About this exercise: Please output exactly the lines from the one containing "Topshop embroidered floral" through the end of the records below, leaving out any pictures.
[Data for processing — start]
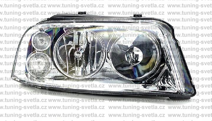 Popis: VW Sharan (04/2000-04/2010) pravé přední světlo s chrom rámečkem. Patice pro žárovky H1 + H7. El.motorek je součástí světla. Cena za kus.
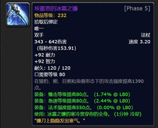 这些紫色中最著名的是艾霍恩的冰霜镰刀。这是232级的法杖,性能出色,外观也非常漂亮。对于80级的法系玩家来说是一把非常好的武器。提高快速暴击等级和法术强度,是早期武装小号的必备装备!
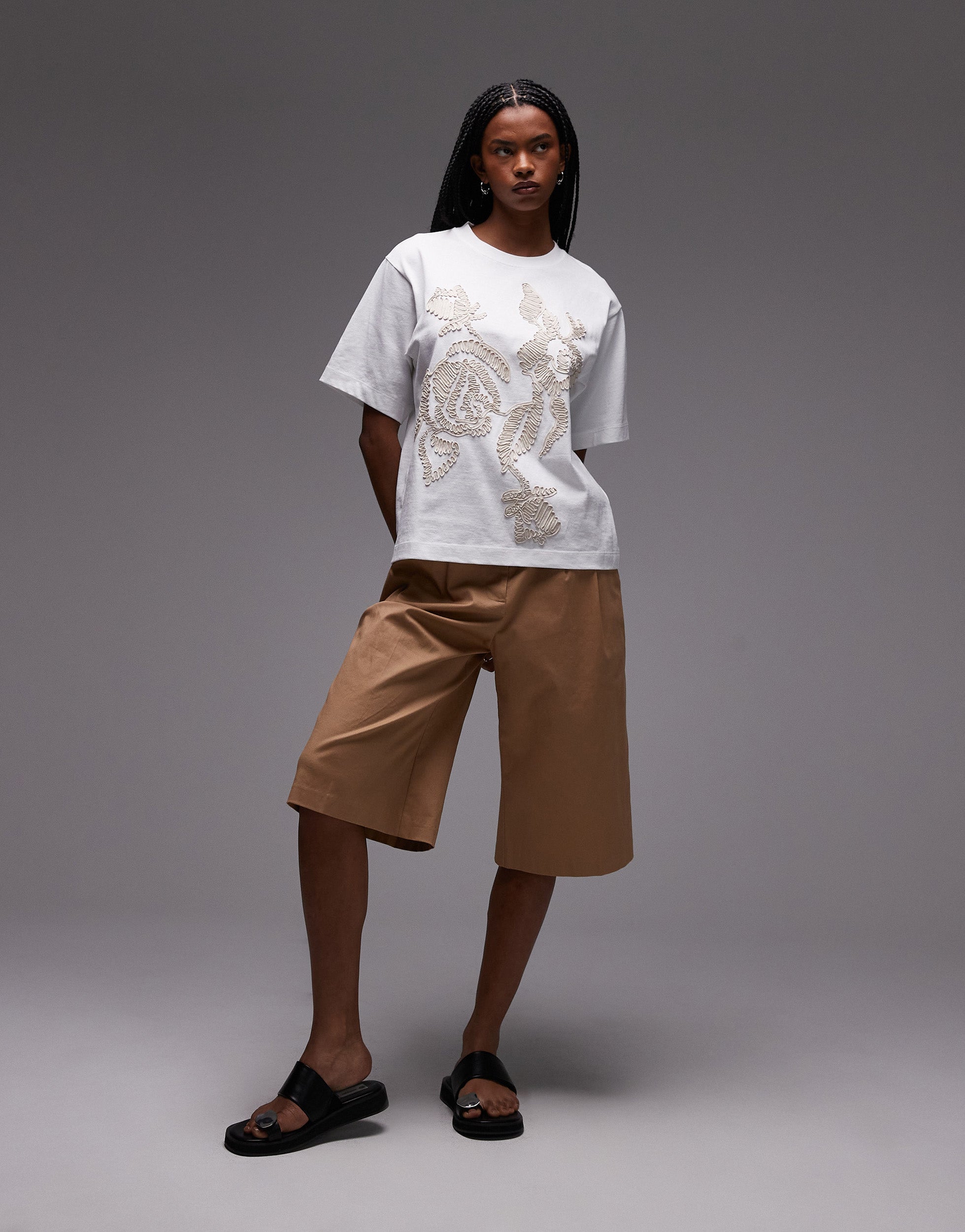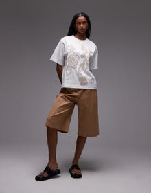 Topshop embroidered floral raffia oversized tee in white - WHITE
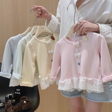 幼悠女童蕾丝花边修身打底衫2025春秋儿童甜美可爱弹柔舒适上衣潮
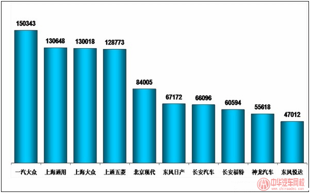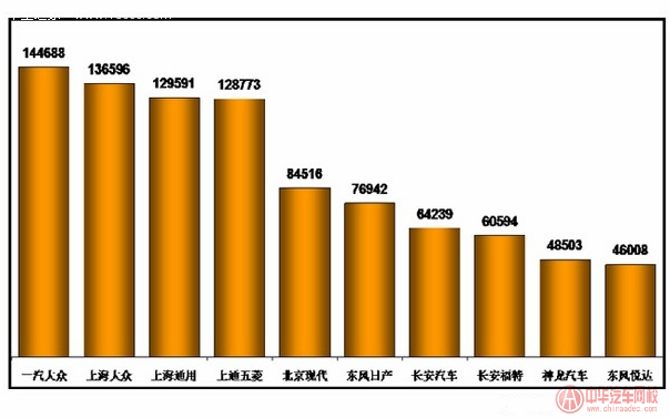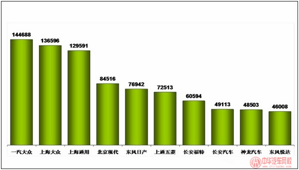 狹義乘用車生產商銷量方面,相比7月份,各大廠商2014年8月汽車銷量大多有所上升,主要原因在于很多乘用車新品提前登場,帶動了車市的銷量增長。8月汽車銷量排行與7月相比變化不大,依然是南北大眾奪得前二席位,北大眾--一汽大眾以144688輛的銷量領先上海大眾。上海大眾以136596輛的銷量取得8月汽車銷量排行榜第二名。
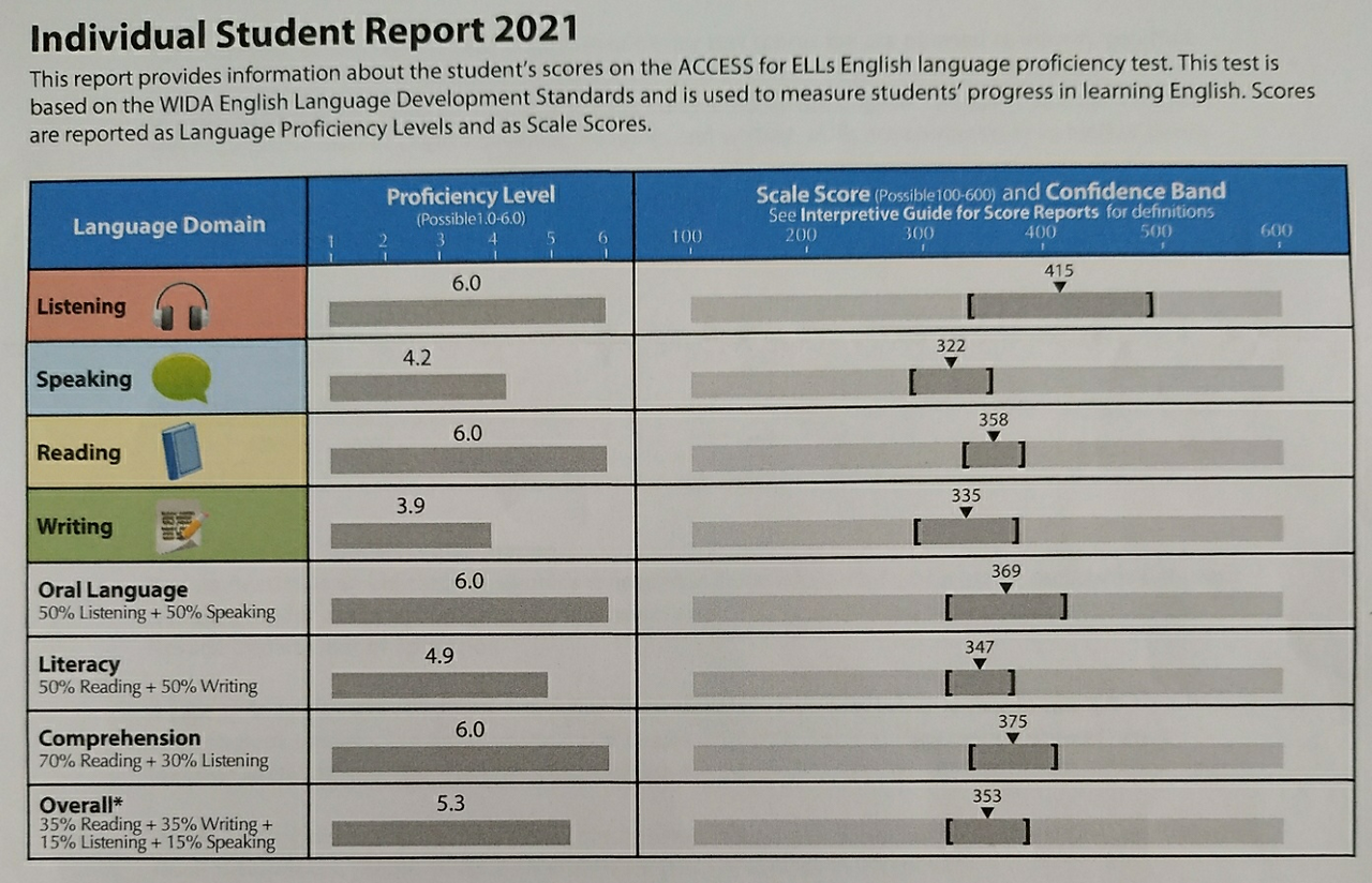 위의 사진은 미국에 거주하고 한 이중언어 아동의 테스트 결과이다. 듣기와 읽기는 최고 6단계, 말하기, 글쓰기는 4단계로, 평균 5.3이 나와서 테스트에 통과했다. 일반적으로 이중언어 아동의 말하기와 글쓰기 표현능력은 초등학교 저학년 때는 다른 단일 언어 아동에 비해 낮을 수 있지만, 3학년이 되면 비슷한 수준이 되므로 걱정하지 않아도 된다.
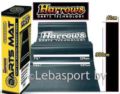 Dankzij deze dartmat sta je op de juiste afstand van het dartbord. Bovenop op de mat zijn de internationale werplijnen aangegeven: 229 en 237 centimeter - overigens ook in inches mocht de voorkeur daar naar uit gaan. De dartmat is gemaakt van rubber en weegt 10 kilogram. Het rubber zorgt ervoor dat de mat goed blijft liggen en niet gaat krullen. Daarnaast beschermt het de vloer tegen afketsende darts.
[Data for processing — finish]
Expected answer:
 Topshop embroidered floral raffia oversized tee in white - WHITE
 幼悠女童蕾丝花边修身打底衫2025春秋儿童甜美可爱弹柔舒适上衣潮
 狹義乘用車生產商銷量方面,相比7月份,各大廠商2014年8月汽車銷量大多有所上升,主要原因在于很多乘用車新品提前登場,帶動了車市的銷量增長。8月汽車銷量排行與7月相比變化不大,依然是南北大眾奪得前二席位,北大眾--一汽大眾以144688輛的銷量領先上海大眾。上海大眾以136596輛的銷量取得8月汽車銷量排行榜第二名。
 위의 사진은 미국에 거주하고 한 이중언어 아동의 테스트 결과이다. 듣기와 읽기는 최고 6단계, 말하기, 글쓰기는 4단계로, 평균 5.3이 나와서 테스트에 통과했다. 일반적으로 이중언어 아동의 말하기와 글쓰기 표현능력은 초등학교 저학년 때는 다른 단일 언어 아동에 비해 낮을 수 있지만, 3학년이 되면 비슷한 수준이 되므로 걱정하지 않아도 된다.
 Dankzij deze dartmat sta je op de juiste afstand van het dartbord. Bovenop op de mat zijn de internationale werplijnen aangegeven: 229 en 237 centimeter - overigens ook in inches mocht de voorkeur daar naar uit gaan. De dartmat is gemaakt van rubber en weegt 10 kilogram. Het rubber zorgt ervoor dat de mat goed blijft liggen en niet gaat krullen. Daarnaast beschermt het de vloer tegen afketsende darts.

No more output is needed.